### DATA SECTION

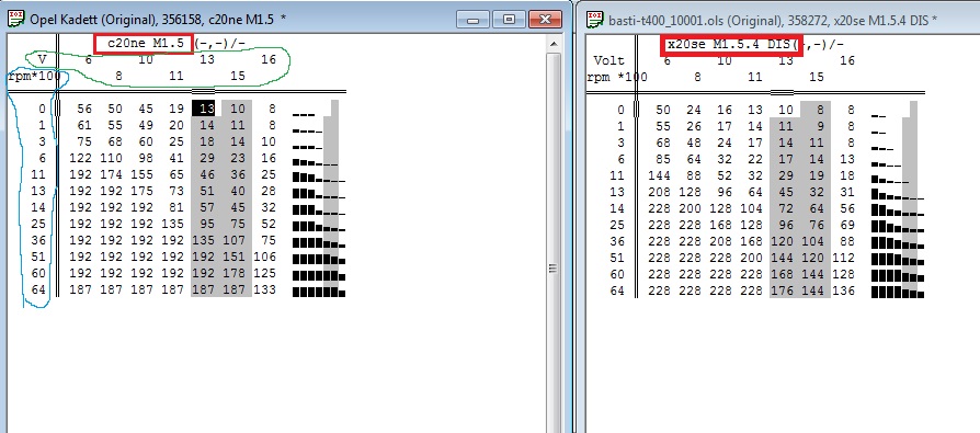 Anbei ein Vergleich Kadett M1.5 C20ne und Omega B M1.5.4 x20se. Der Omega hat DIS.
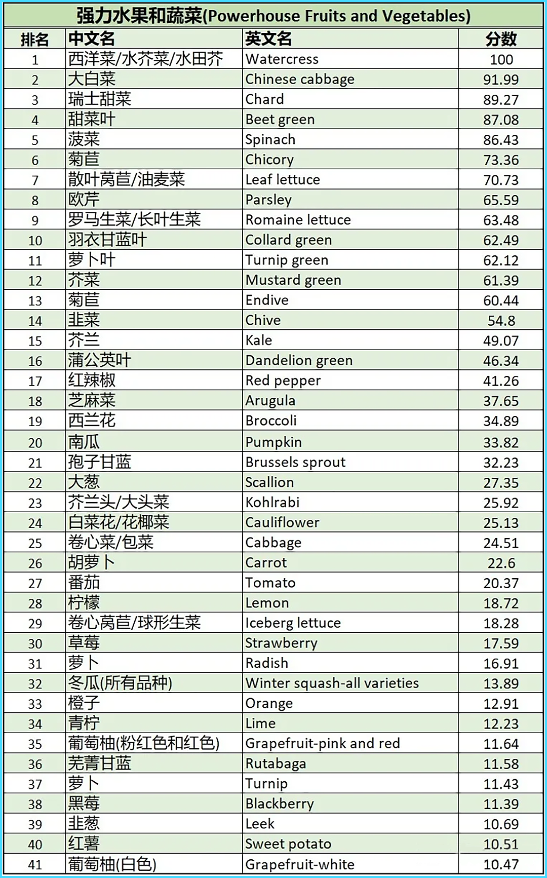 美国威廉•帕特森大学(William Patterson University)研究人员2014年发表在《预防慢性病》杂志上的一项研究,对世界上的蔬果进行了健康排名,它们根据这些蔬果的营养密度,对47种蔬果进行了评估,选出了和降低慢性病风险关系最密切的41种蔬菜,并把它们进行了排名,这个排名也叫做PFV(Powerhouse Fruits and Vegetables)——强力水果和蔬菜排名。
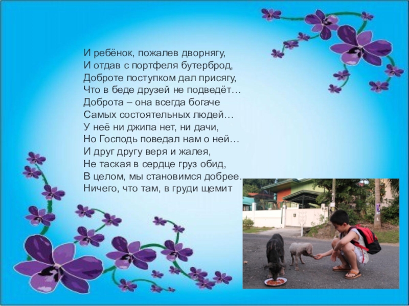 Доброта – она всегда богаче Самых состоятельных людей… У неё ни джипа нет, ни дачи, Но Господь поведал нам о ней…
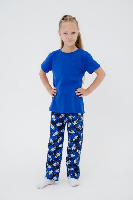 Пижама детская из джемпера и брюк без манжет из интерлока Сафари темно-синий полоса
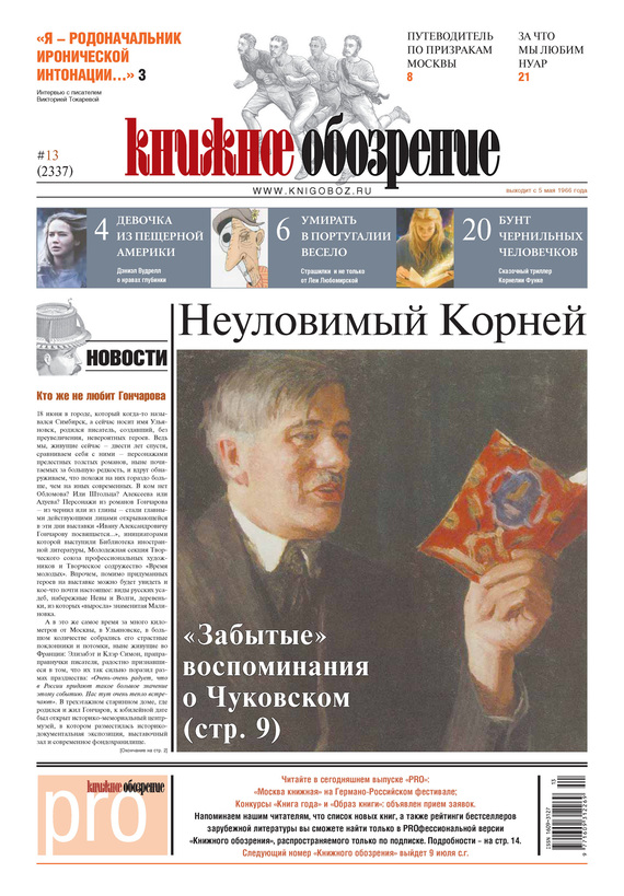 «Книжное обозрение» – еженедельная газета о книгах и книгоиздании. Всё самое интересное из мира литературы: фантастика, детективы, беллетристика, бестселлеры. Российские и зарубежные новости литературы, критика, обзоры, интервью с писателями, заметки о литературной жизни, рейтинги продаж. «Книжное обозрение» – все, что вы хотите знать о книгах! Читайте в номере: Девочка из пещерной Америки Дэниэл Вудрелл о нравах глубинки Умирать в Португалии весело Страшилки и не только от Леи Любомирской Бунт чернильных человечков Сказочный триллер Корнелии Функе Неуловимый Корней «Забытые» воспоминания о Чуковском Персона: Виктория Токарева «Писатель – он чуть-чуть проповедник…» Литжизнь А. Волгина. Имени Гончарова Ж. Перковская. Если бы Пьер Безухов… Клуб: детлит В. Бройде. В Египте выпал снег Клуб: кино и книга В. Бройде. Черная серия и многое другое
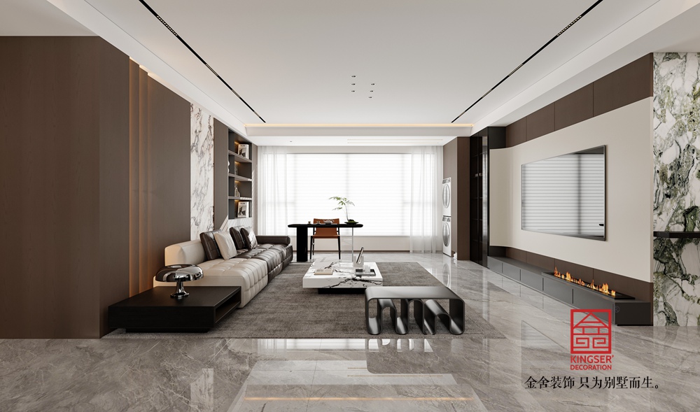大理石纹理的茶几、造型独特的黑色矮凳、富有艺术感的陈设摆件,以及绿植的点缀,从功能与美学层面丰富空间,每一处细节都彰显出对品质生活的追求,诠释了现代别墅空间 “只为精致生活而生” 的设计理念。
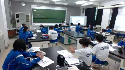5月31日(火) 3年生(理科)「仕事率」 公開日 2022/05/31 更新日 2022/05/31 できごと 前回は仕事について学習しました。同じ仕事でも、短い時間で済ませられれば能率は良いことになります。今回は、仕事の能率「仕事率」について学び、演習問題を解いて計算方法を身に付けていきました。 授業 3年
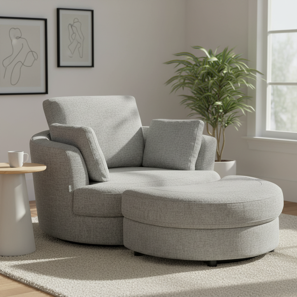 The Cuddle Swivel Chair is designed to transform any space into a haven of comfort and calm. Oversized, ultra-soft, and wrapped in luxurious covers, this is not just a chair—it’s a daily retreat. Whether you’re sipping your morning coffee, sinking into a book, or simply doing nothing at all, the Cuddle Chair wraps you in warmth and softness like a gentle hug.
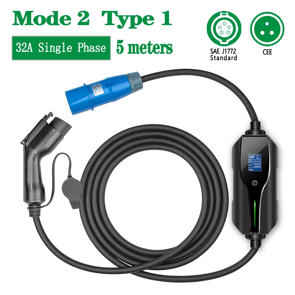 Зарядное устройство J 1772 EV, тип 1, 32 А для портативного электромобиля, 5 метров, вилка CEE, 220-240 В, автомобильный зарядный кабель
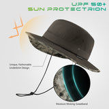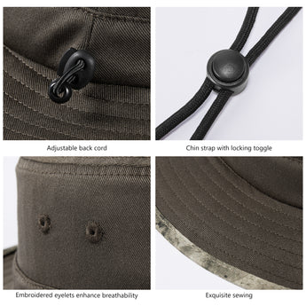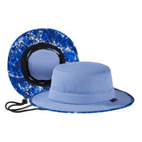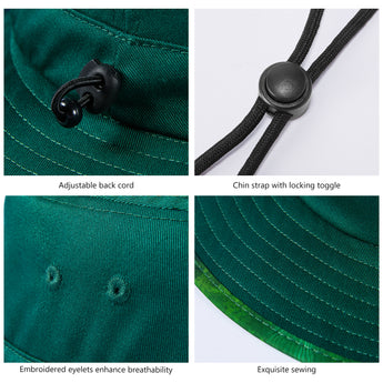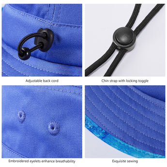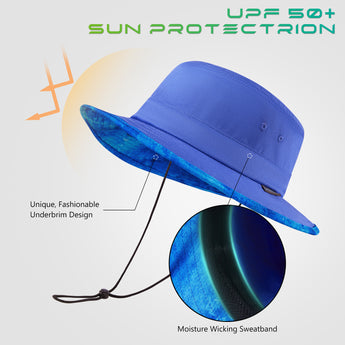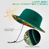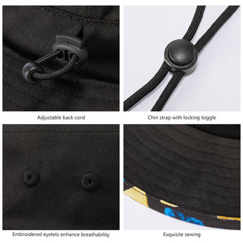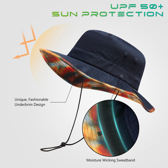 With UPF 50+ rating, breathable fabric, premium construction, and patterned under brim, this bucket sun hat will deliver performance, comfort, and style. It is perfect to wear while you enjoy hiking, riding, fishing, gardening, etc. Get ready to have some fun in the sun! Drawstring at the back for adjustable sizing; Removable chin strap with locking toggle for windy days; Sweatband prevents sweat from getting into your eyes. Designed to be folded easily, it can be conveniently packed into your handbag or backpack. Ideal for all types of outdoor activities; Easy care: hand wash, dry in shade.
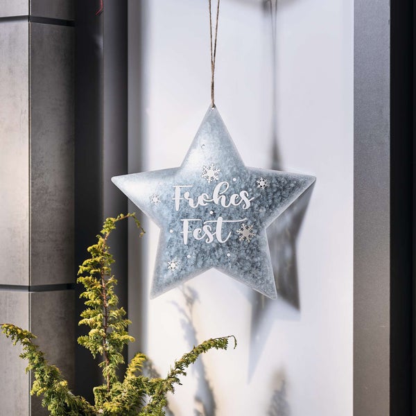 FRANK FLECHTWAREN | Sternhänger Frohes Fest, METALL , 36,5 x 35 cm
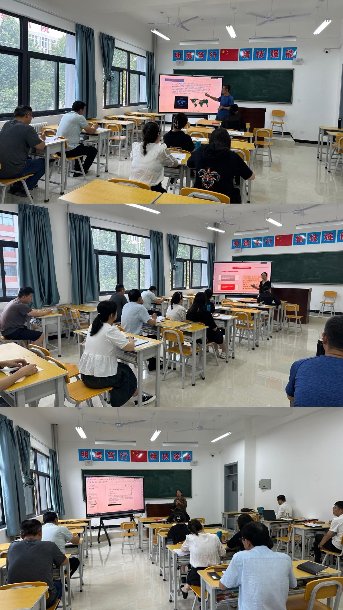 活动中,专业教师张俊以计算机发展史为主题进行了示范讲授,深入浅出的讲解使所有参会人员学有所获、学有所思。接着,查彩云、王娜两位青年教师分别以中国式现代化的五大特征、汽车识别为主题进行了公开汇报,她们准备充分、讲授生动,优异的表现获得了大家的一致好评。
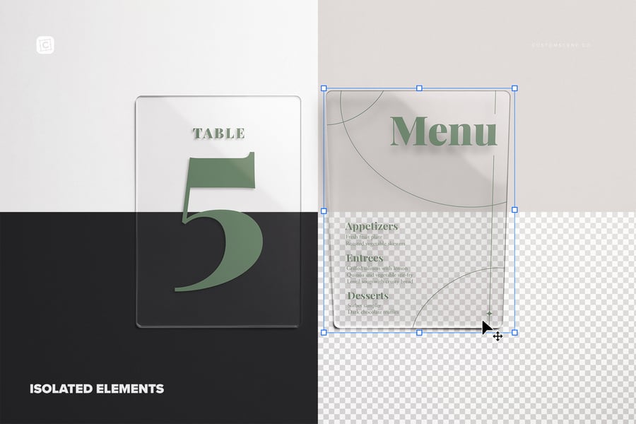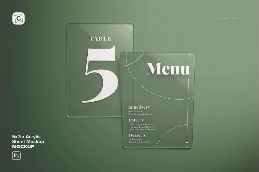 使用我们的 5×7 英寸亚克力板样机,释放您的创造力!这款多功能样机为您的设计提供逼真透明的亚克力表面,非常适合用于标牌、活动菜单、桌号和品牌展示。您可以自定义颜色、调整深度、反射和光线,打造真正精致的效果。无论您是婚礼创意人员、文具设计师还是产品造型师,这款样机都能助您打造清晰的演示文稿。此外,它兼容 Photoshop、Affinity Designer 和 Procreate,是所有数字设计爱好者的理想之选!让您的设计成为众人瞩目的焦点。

### WHAT THE EXERCISE ASKS
Your output should be the full set of entries above, restated word for word and free of pictures.

### ANSWER TO THE PROBLEM
 Anbei ein Vergleich Kadett M1.5 C20ne und Omega B M1.5.4 x20se. Der Omega hat DIS.
 美国威廉•帕特森大学(William Patterson University)研究人员2014年发表在《预防慢性病》杂志上的一项研究,对世界上的蔬果进行了健康排名,它们根据这些蔬果的营养密度,对47种蔬果进行了评估,选出了和降低慢性病风险关系最密切的41种蔬菜,并把它们进行了排名,这个排名也叫做PFV(Powerhouse Fruits and Vegetables)——强力水果和蔬菜排名。
 Доброта – она всегда богаче Самых состоятельных людей… У неё ни джипа нет, ни дачи, Но Господь поведал нам о ней…
 Пижама детская из джемпера и брюк без манжет из интерлока Сафари темно-синий полоса
 «Книжное обозрение» – еженедельная газета о книгах и книгоиздании. Всё самое интересное из мира литературы: фантастика, детективы, беллетристика, бестселлеры. Российские и зарубежные новости литературы, критика, обзоры, интервью с писателями, заметки о литературной жизни, рейтинги продаж. «Книжное обозрение» – все, что вы хотите знать о книгах! Читайте в номере: Девочка из пещерной Америки Дэниэл Вудрелл о нравах глубинки Умирать в Португалии весело Страшилки и не только от Леи Любомирской Бунт чернильных человечков Сказочный триллер Корнелии Функе Неуловимый Корней «Забытые» воспоминания о Чуковском Персона: Виктория Токарева «Писатель – он чуть-чуть проповедник…» Литжизнь А. Волгина. Имени Гончарова Ж. Перковская. Если бы Пьер Безухов… Клуб: детлит В. Бройде. В Египте выпал снег Клуб: кино и книга В. Бройде. Черная серия и многое другое
大理石纹理的茶几、造型独特的黑色矮凳、富有艺术感的陈设摆件,以及绿植的点缀,从功能与美学层面丰富空间,每一处细节都彰显出对品质生活的追求,诠释了现代别墅空间 “只为精致生活而生” 的设计理念。
5月31日(火) 3年生(理科)「仕事率」 公開日 2022/05/31 更新日 2022/05/31 できごと 前回は仕事について学習しました。同じ仕事でも、短い時間で済ませられれば能率は良いことになります。今回は、仕事の能率「仕事率」について学び、演習問題を解いて計算方法を身に付けていきました。 授業 3年
 The Cuddle Swivel Chair is designed to transform any space into a haven of comfort and calm. Oversized, ultra-soft, and wrapped in luxurious covers, this is not just a chair—it’s a daily retreat. Whether you’re sipping your morning coffee, sinking into a book, or simply doing nothing at all, the Cuddle Chair wraps you in warmth and softness like a gentle hug.
 Зарядное устройство J 1772 EV, тип 1, 32 А для портативного электромобиля, 5 метров, вилка CEE, 220-240 В, автомобильный зарядный кабель
 With UPF 50+ rating, breathable fabric, premium construction, and patterned under brim, this bucket sun hat will deliver performance, comfort, and style. It is perfect to wear while you enjoy hiking, riding, fishing, gardening, etc. Get ready to have some fun in the sun! Drawstring at the back for adjustable sizing; Removable chin strap with locking toggle for windy days; Sweatband prevents sweat from getting into your eyes. Designed to be folded easily, it can be conveniently packed into your handbag or backpack. Ideal for all types of outdoor activities; Easy care: hand wash, dry in shade.
 FRANK FLECHTWAREN | Sternhänger Frohes Fest, METALL , 36,5 x 35 cm
 活动中,专业教师张俊以计算机发展史为主题进行了示范讲授,深入浅出的讲解使所有参会人员学有所获、学有所思。接着,查彩云、王娜两位青年教师分别以中国式现代化的五大特征、汽车识别为主题进行了公开汇报,她们准备充分、讲授生动,优异的表现获得了大家的一致好评。
 使用我们的 5×7 英寸亚克力板样机,释放您的创造力!这款多功能样机为您的设计提供逼真透明的亚克力表面,非常适合用于标牌、活动菜单、桌号和品牌展示。您可以自定义颜色、调整深度、反射和光线,打造真正精致的效果。无论您是婚礼创意人员、文具设计师还是产品造型师,这款样机都能助您打造清晰的演示文稿。此外,它兼容 Photoshop、Affinity Designer 和 Procreate,是所有数字设计爱好者的理想之选!让您的设计成为众人瞩目的焦点。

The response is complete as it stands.